Erfolgsstrategie: Lern-Bulimie?
04. Juni 2008 von UlrichVor kurzem erzählte ein befreundeter Pädagoge, der seit langem in der Lehrerfortbildung arbeitet, dass das Phänomen des „Bulimie-Lernens“ immer mehr zunimmt. Und zwar besonders ab der fünften Klasse im Gymnasium, weil dort die Kinder plötzlich mit einer viel größeren Fächervielfalt und einer manchmal erdrückenden Stoff-Fülle konfrontiert werden. In dieser Situation sehen viele Schüler – und übrigens oft gerade die besseren – die einzige Erfolgstrategie darin, kurz vor der nächsten Klassenarbeit möglichst schnell möglichst viel in sich hineinzustopfen und das dann punktgenau wieder von sich zu geben. Eine durchaus „rationale“ Lernstrategie – zumindest kurzfristig. Auf lange Sicht bleibt so natürlich entschieden zu wenig hängen, um dauerhaften Lern- und Schulerfolg zu garantieren. Und das macht Lehrern und Eltern natürlich Sorgen.

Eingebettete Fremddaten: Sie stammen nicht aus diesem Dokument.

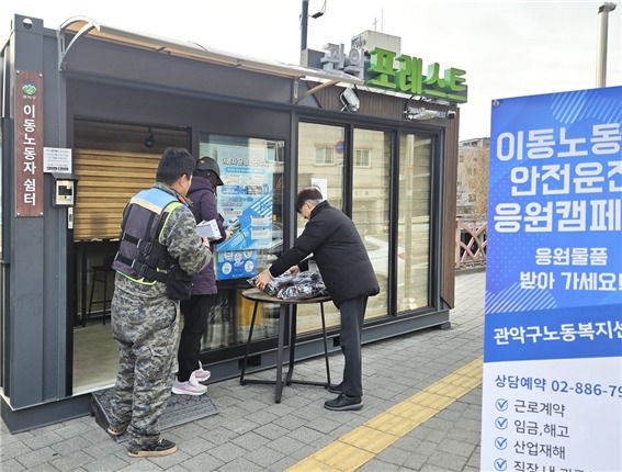 구는 오는 19일에도 관악 포레스트에서 혹한기 이동 노동자 안전지원 캠페인을 실시해 50명에게 방한용품을 추가 지급하고 배달 종사자의 겨울철 안전사고와 질병을 예방한다는 방침이다.

Was tun? Wie kann man seine Kinder davon überzeugen, mehr zu „investieren“ als unbedingt für die nächste Prüfung nötig? Wie kann man „nachhaltige“ Lernstrategien fördern? Eine der Antworten könnte, um im Bild zu bleiben, analog zum Slow Food, „Slow Learning“ heißen. Also nicht auf den schnellen Sättigungseffekt bzw. Prüfungserfolg setzen, sondern auf Spaß und Qualität, Authentizität, Relevanz und Problembezug. Und dadurch Lust aufs Lernen machen und zum Lernen „verführen“! Sicherlich ein großes Ziel und leichter gesagt als getan. Aber für mich dennoch eines der wichtigsten Motive, an innovativen Lernprodukten und Lernsoftware zu arbeiten, die mehr leisten, als „Lernstoff zu vermitteln“…
Kurzum: Meine künftigen Scoyo-Blog-Beiträge werden in der ein oder anderen Form sicher immer um die Frage kreisen: Was können digitale Lernangebote, Online-Lernplattformen, Games und Animationen dazu beitragen, damit Kinder – gerade in den kritischen Klassen 4 bis 7 – nicht den Spaß am Lernen verlieren, mit dem sie normalerweise in der ersten Klasse gestartet sind?
Aber neben dieser großen Frage werde ich natürlich auch versuchen, alles was mich an interessanten News, Infos und Beobachtungen erreicht – egal auf welchem Weg und bei welchem Anlass – hier einzuspielen… (Z.B. die aktuelle DPA-Pressemeldung, nach der die Bildungsausgaben in Deutschland im Jahr 2006 nicht etwa gestiegen sondern sogar von 6,3 auf 6,2 % des Bruttoinlandsprodukts gesunken (!) sind.) Na denn, warten wir gespannt auf bessere/aktuellere Zahlen…
Tags: Bildungsausgaben, Didaktik, Lernspaß, Lernstrategie, Schulerfolg, scoyo








04. Juni 2008 at 21:47
Den Gedanken mit dem Bulimie-Lernen finde ich ganz treffend und erinnert mich an meine eigene Schul- und Lehrzeit. Wenn Online-Lernangebote bei den Schülern eine bessere Ausdauer, größere Kontinuität und langfristige Lernerfolge unterstützen könnten, wäre das sicherlich ein Erfolg. Spielerisch lernen klingt auch gut – allerdings ist doch Fakt, dass die Schüler einen ziemlich großen Lernstoff bewältigen müssen, da bleibt für das spielerische Element in der Praxis kaum Zeit – und im Zweifel wird man sich dann doch wieder für das Bulimie-Lernen entscheiden- weil man damit gute Noten ernten kann. Ganzheitlich Lernen ist an den Schulen, die ich kenne, leider noch ein Fremdwort.
05. Juni 2008 at 03:09
Nicht zu vergessen, dass es sich bei den 6.2% Bildungsausgaben in 2006 um die Summe aller Ausgaben, also auch privater handelt.
Die Bildungsausgaben aus öffentlichen Haushalten machten 2006 4.53% des BIP aus. Mehr als ein halbes Prozent weniger als der EU Durchschnitt von 5.05%.